PROBLEM DESCRIPTION: A word-for-word copy of the entries, with the images left out, is what you should write.

Items from a dataset:
---*---

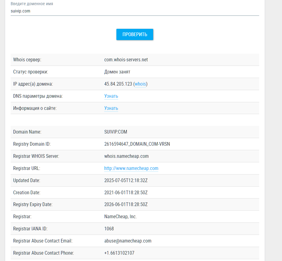 Проверка регистрации, данных домена сайта обменника suivip com
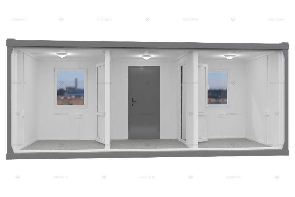 Общее пространство зонируется при помощи внутренних дверей и легких перегородок из трехслойных сэндвич-панелей толщиной 50 мм. Сборно-разборный блок-контейнер БК 04 ПВХ от SHEDLER можно адаптировать для любых целей, он подойдет для коммерции и частных нужд.
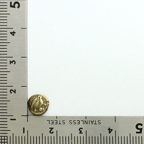 「スターテル」とは古代ギリシャ語で「重さ」を意味し、ドラクマやオボルが登場する以前の基準となる貨幣単位でした。リディアでは最大のコイン(約14.2g)を1スターテルとし、そこから1/2、1/3、1/6、1/12、1/24、1/48、1/96と重量によって細分化されています。最も小さい1/96スターテルは0.15gほどしかなく、極小の粒のようですが、それでもライオンの刻印はしっかりと打たれています。
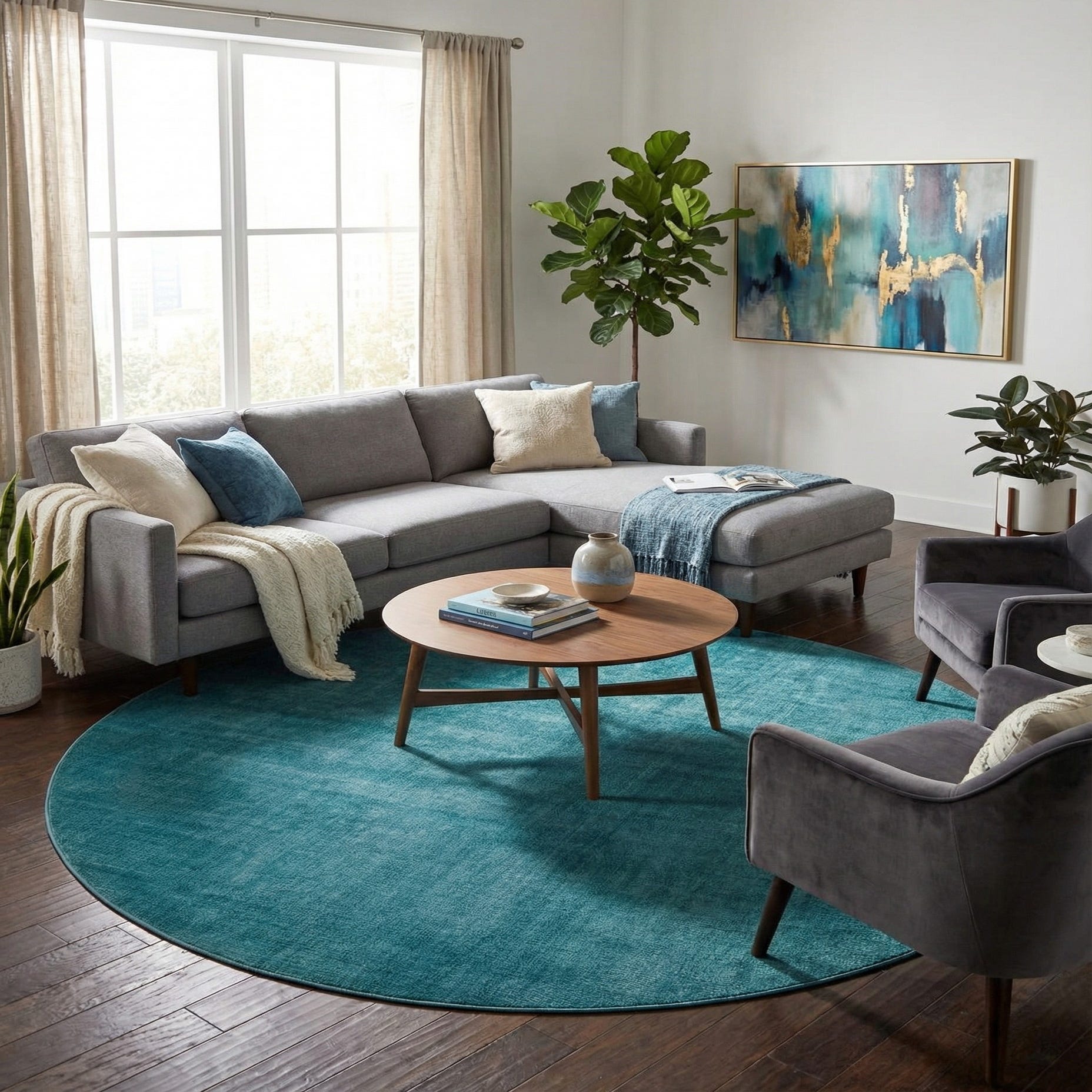 We bought 2 of these - one fr our living room and one for the kitchen - since the rooms are open and have the same color scheme. Pay attention to the pile height - it is pretty flat and not as plush as the other low pile rugs we ordered. And because of that it is taking a while to lay completely flat. The larger size flattened out quicker than the smaller size and we can still see some ripples and the corners still stick up. Color is gorgeous though (we got the teal) and size is accurate.
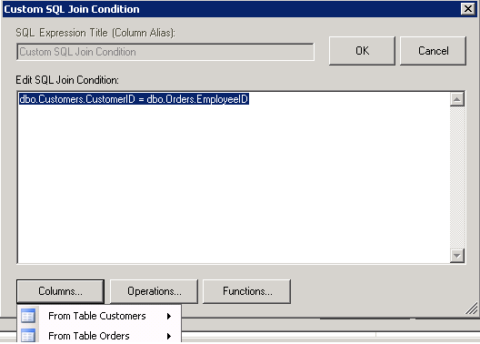 If you select multiple tables, you can join the tables together by simply dragging a data column from one table over to the corresponding field in another table. An arrow appears, indicating that a join between the two tables exists, as shown in the figure below. In this example, the CustomerID column in the Customers table is linked to the CustomerID column in the Orders table.
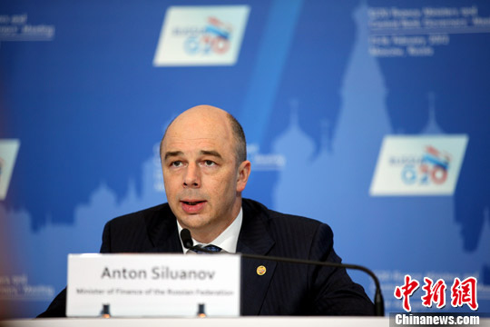 二十國集團(G20)財長和央行行長會議16日在俄羅斯莫斯科閉幕,會議就全球經濟形勢、G20“強勁、可持續、平衡增長框架”、長期投資融資、金融改革等進行了討論。圖為俄羅斯財政部長西盧阿諾夫在本次會議后召開新聞發布會,回答記者提問。中新社發賈靖峰 攝
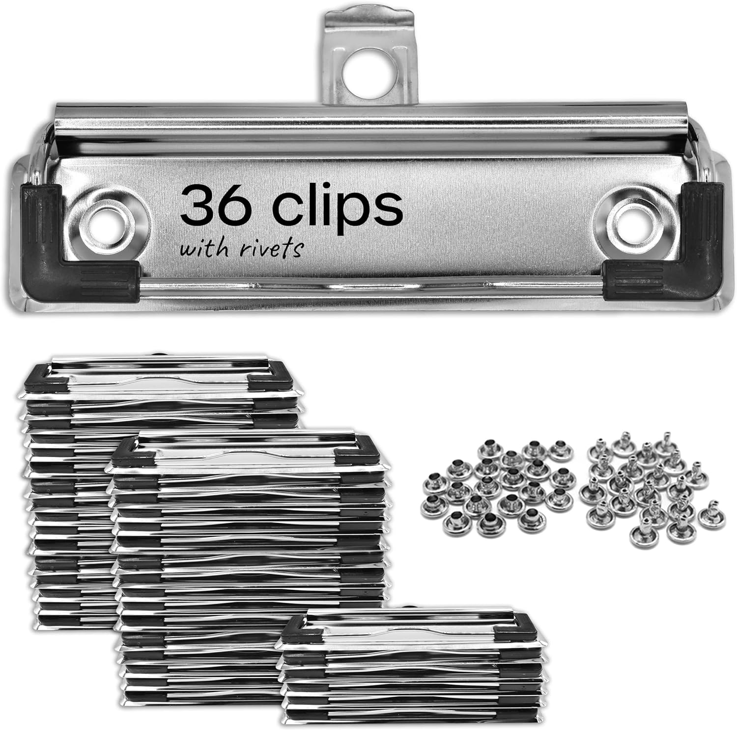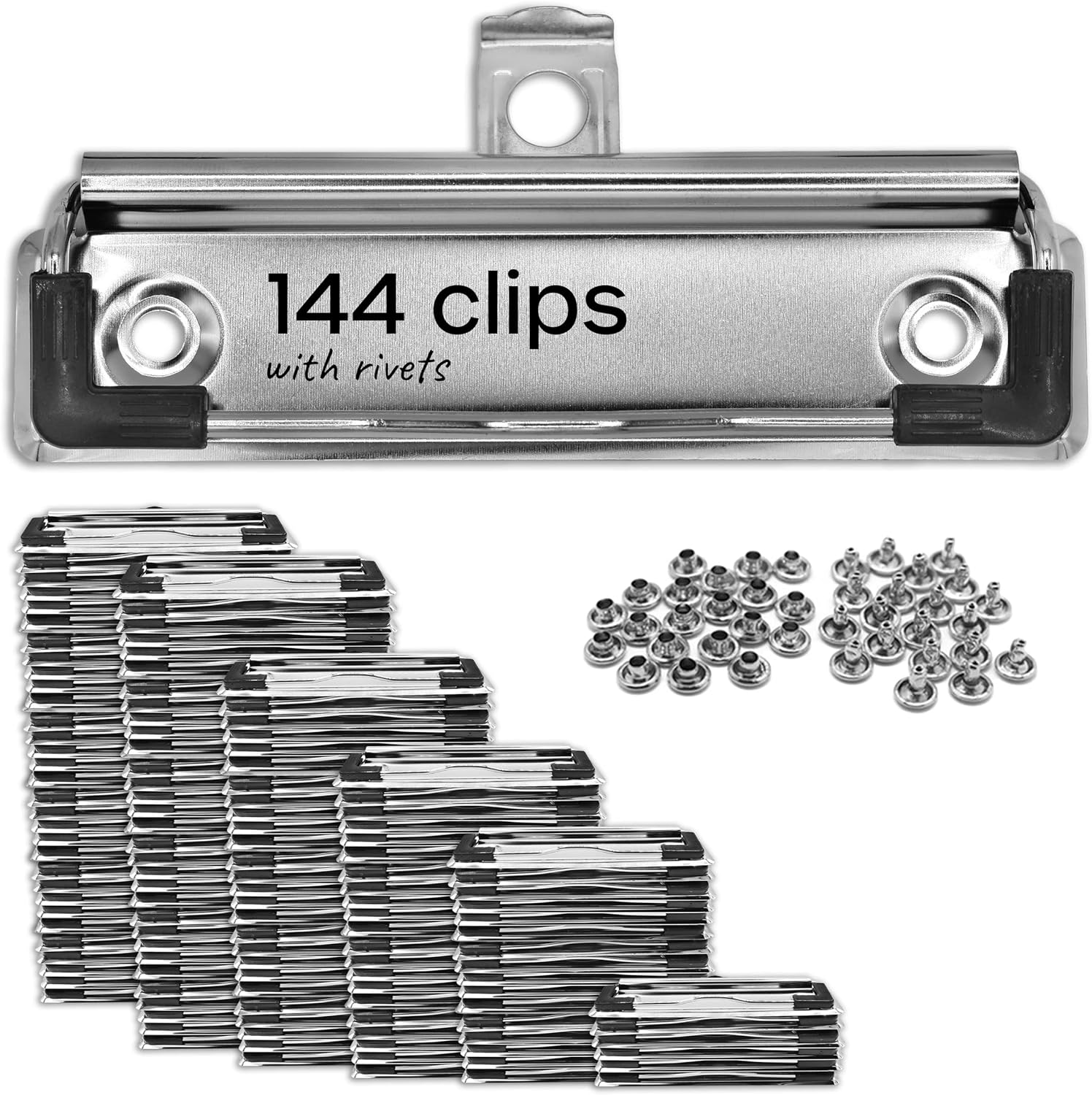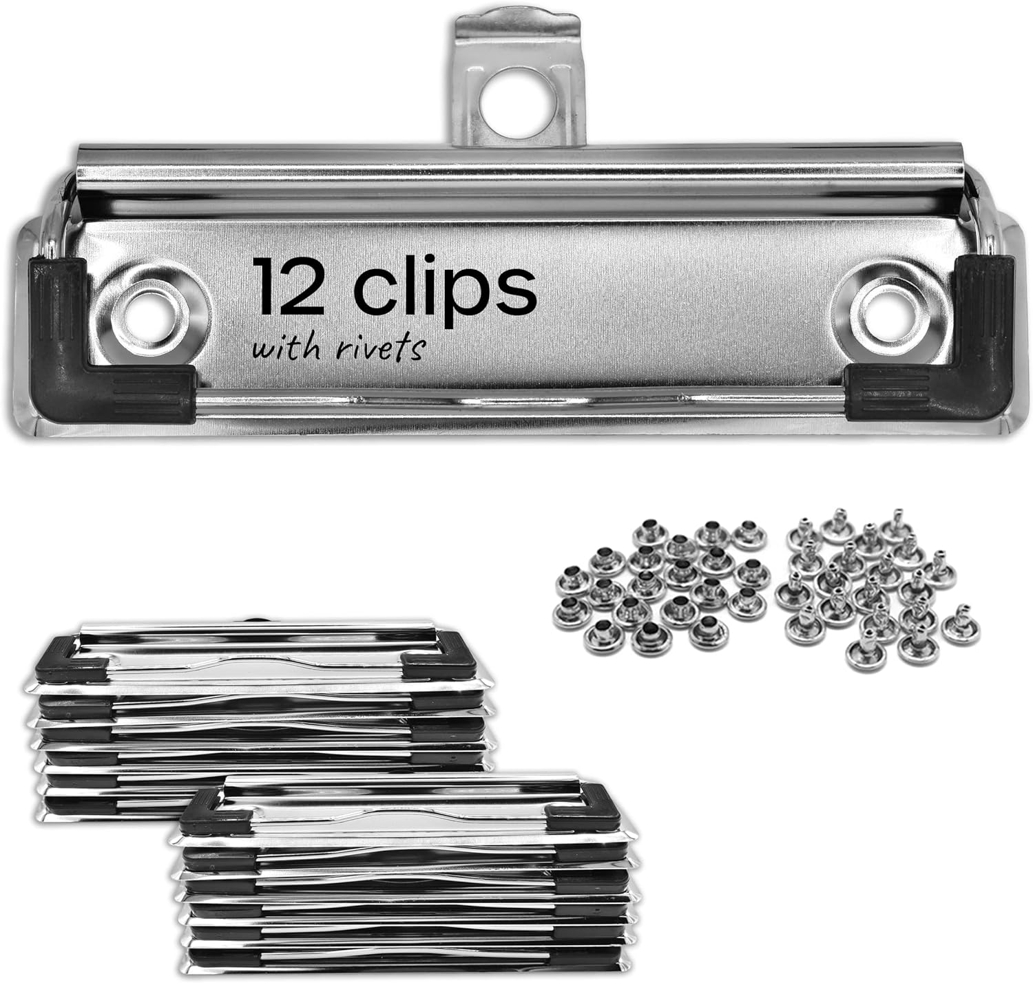 - The Clipboard Spring Clips come in a pack of 12 with rivets included. The dimensions are 10cm x 3cm. Perfect for schools or DIY craft projects. They are easy to install and hassle free to use!
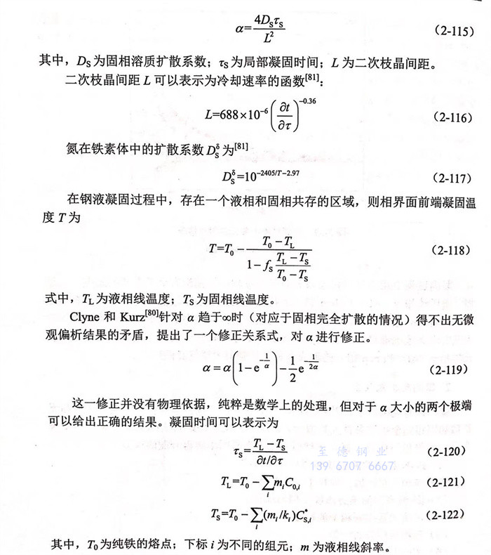分配(pei)(pei)系(xi)數(shu)(shu)的(de)(de)(de)(de)(de)表達式是(shi)(shi)k=Cs/C,是(shi)(shi)凝(ning)固(gu)過程中(zhong)(zhong)固(gu)相(xiang)(xiang)(xiang)濃度(du)與液相(xiang)(xiang)(xiang)濃度(du)的(de)(de)(de)(de)(de)比值。它(ta)是(shi)(shi)表征元素(su)(su)是(shi)(shi)否易偏(pian)析(xi)(xi)的(de)(de)(de)(de)(de)參數(shu)(shu)。碳、硫、磷(lin)等都是(shi)(shi)非常(chang)容(rong)易偏(pian)析(xi)(xi)的(de)(de)(de)(de)(de)元素(su)(su),且這些元素(su)(su)在(zai)(zai)不(bu)同的(de)(de)(de)(de)(de)固(gu)相(xiang)(xiang)(xiang)(如8-Fe相(xiang)(xiang)(xiang)、奧(ao)氏(shi)(shi)體(ti)相(xiang)(xiang)(xiang))中(zhong)(zhong)偏(pian)析(xi)(xi)系(xi)數(shu)(shu)是(shi)(shi)不(bu)同的(de)(de)(de)(de)(de)。對于要研究的(de)(de)(de)(de)(de)氮(dan)元素(su)(su),它(ta)在(zai)(zai)奧(ao)氏(shi)(shi)體(ti)中(zhong)(zhong)的(de)(de)(de)(de)(de)偏(pian)析(xi)(xi)系(xi)數(shu)(shu)要大于在(zai)(zai)鐵素(su)(su)體(ti)中(zhong)(zhong)的(de)(de)(de)(de)(de)偏(pian)析(xi)(xi)系(xi)數(shu)(shu),氮(dan)在(zai)(zai)鐵素(su)(su)體(ti)中(zhong)(zhong)的(de)(de)(de)(de)(de)分配(pei)(pei)系(xi)數(shu)(shu)一般取0.38,在(zai)(zai)奧(ao)氏(shi)(shi)體(ti)中(zhong)(zhong)的(de)(de)(de)(de)(de)分配(pei)(pei)系(xi)數(shu)(shu)一般取0.48,分配(pei)(pei)系(xi)數(shu)(shu)越(yue)小(xiao),偏(pian)析(xi)(xi)程度(du)越(yue)嚴重。另外,分配(pei)(pei)系(xi)數(shu)(shu)還與凝(ning)固(gu)條件(如凝(ning)固(gu)速(su)率、擴散邊界層厚度(du))等相(xiang)(xiang)(xiang)關。
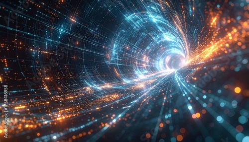 Tunnel of Innovation: A captivating digital depiction of a luminous tunnel, filled with streams of light and intricate, interwoven patterns.
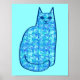 Poster Gato Moderno do Século médio, Turquesa e Marinho
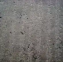 The main source of Khitan texts are monumental inscriptions, mostly comprising memorial tablets buried in the tombs of Khitan nobility.[1] Only one monument in a Khitan script was known before the 20th century, the Record of the Younger Brother of the Emperor of the Great Jin Dynasty (Langjun xingji 郎君行記), which has stood in front of the tomb of Wu Zetian since at least 1618. Until the 1920s it was believed to be written in the Jurchen script. Only after the discovery of the memorial tablets of the Emperor Xingzong of Liao and his consort was it realized that the Record of the Younger Brother of the Emperor and the Liao-dynasty memorial tablets were both written in a Khitan script.[4] Several more memorial tablets in the same script were discovered during the 1930s, including memorials for the Emperor Daozong of Liao and his consort. Initially it was not clear whether the script inscribed on these memorial tablets was the Khitan large script, recorded to have been devised in 920, or the Khitan small script, recorded to have been devised about 925. A different, unknown script, which appeared more similar to Chinese (incorporating many characters borrowed directly from Chinese), had been discovered on a temple monument in 1935, as well as on a memorial to Xiao Xiaozhong in 1951; and in 1962 Jin Guangping suggested that these two monuments were written using the Khitan large script, and that the Record of the Younger Brother of the Emperor and the imperial memorial tablets were written using the Khitan small script.[5] This identification of the two Khitan scripts is now widely accepted.

---*---

EXERCISE SOLUTION:
 Проверка регистрации, данных домена сайта обменника suivip com
 Общее пространство зонируется при помощи внутренних дверей и легких перегородок из трехслойных сэндвич-панелей толщиной 50 мм. Сборно-разборный блок-контейнер БК 04 ПВХ от SHEDLER можно адаптировать для любых целей, он подойдет для коммерции и частных нужд.
 「スターテル」とは古代ギリシャ語で「重さ」を意味し、ドラクマやオボルが登場する以前の基準となる貨幣単位でした。リディアでは最大のコイン(約14.2g)を1スターテルとし、そこから1/2、1/3、1/6、1/12、1/24、1/48、1/96と重量によって細分化されています。最も小さい1/96スターテルは0.15gほどしかなく、極小の粒のようですが、それでもライオンの刻印はしっかりと打たれています。
 We bought 2 of these - one fr our living room and one for the kitchen - since the rooms are open and have the same color scheme. Pay attention to the pile height - it is pretty flat and not as plush as the other low pile rugs we ordered. And because of that it is taking a while to lay completely flat. The larger size flattened out quicker than the smaller size and we can still see some ripples and the corners still stick up. Color is gorgeous though (we got the teal) and size is accurate.
 If you select multiple tables, you can join the tables together by simply dragging a data column from one table over to the corresponding field in another table. An arrow appears, indicating that a join between the two tables exists, as shown in the figure below. In this example, the CustomerID column in the Customers table is linked to the CustomerID column in the Orders table.
 二十國集團(G20)財長和央行行長會議16日在俄羅斯莫斯科閉幕,會議就全球經濟形勢、G20“強勁、可持續、平衡增長框架”、長期投資融資、金融改革等進行了討論。圖為俄羅斯財政部長西盧阿諾夫在本次會議后召開新聞發布會,回答記者提問。中新社發賈靖峰 攝
 - The Clipboard Spring Clips come in a pack of 12 with rivets included. The dimensions are 10cm x 3cm. Perfect for schools or DIY craft projects. They are easy to install and hassle free to use!
分配(pei)(pei)系(xi)數(shu)(shu)的(de)(de)(de)(de)(de)表達式是(shi)(shi)k=Cs/C,是(shi)(shi)凝(ning)固(gu)過程中(zhong)(zhong)固(gu)相(xiang)(xiang)(xiang)濃度(du)與液相(xiang)(xiang)(xiang)濃度(du)的(de)(de)(de)(de)(de)比值。它(ta)是(shi)(shi)表征元素(su)(su)是(shi)(shi)否易偏(pian)析(xi)(xi)的(de)(de)(de)(de)(de)參數(shu)(shu)。碳、硫、磷(lin)等都是(shi)(shi)非常(chang)容(rong)易偏(pian)析(xi)(xi)的(de)(de)(de)(de)(de)元素(su)(su),且這些元素(su)(su)在(zai)(zai)不(bu)同的(de)(de)(de)(de)(de)固(gu)相(xiang)(xiang)(xiang)(如8-Fe相(xiang)(xiang)(xiang)、奧(ao)氏(shi)(shi)體(ti)相(xiang)(xiang)(xiang))中(zhong)(zhong)偏(pian)析(xi)(xi)系(xi)數(shu)(shu)是(shi)(shi)不(bu)同的(de)(de)(de)(de)(de)。對于要研究的(de)(de)(de)(de)(de)氮(dan)元素(su)(su),它(ta)在(zai)(zai)奧(ao)氏(shi)(shi)體(ti)中(zhong)(zhong)的(de)(de)(de)(de)(de)偏(pian)析(xi)(xi)系(xi)數(shu)(shu)要大于在(zai)(zai)鐵素(su)(su)體(ti)中(zhong)(zhong)的(de)(de)(de)(de)(de)偏(pian)析(xi)(xi)系(xi)數(shu)(shu),氮(dan)在(zai)(zai)鐵素(su)(su)體(ti)中(zhong)(zhong)的(de)(de)(de)(de)(de)分配(pei)(pei)系(xi)數(shu)(shu)一般取0.38,在(zai)(zai)奧(ao)氏(shi)(shi)體(ti)中(zhong)(zhong)的(de)(de)(de)(de)(de)分配(pei)(pei)系(xi)數(shu)(shu)一般取0.48,分配(pei)(pei)系(xi)數(shu)(shu)越(yue)小(xiao),偏(pian)析(xi)(xi)程度(du)越(yue)嚴重。另外,分配(pei)(pei)系(xi)數(shu)(shu)還與凝(ning)固(gu)條件(如凝(ning)固(gu)速(su)率、擴散邊界層厚度(du))等相(xiang)(xiang)(xiang)關。
 Tunnel of Innovation: A captivating digital depiction of a luminous tunnel, filled with streams of light and intricate, interwoven patterns.
 Poster Gato Moderno do Século médio, Turquesa e Marinho
 The main source of Khitan texts are monumental inscriptions, mostly comprising memorial tablets buried in the tombs of Khitan nobility.[1] Only one monument in a Khitan script was known before the 20th century, the Record of the Younger Brother of the Emperor of the Great Jin Dynasty (Langjun xingji 郎君行記), which has stood in front of the tomb of Wu Zetian since at least 1618. Until the 1920s it was believed to be written in the Jurchen script. Only after the discovery of the memorial tablets of the Emperor Xingzong of Liao and his consort was it realized that the Record of the Younger Brother of the Emperor and the Liao-dynasty memorial tablets were both written in a Khitan script.[4] Several more memorial tablets in the same script were discovered during the 1930s, including memorials for the Emperor Daozong of Liao and his consort. Initially it was not clear whether the script inscribed on these memorial tablets was the Khitan large script, recorded to have been devised in 920, or the Khitan small script, recorded to have been devised about 925. A different, unknown script, which appeared more similar to Chinese (incorporating many characters borrowed directly from Chinese), had been discovered on a temple monument in 1935, as well as on a memorial to Xiao Xiaozhong in 1951; and in 1962 Jin Guangping suggested that these two monuments were written using the Khitan large script, and that the Record of the Younger Brother of the Emperor and the imperial memorial tablets were written using the Khitan small script.[5] This identification of the two Khitan scripts is now widely accepted.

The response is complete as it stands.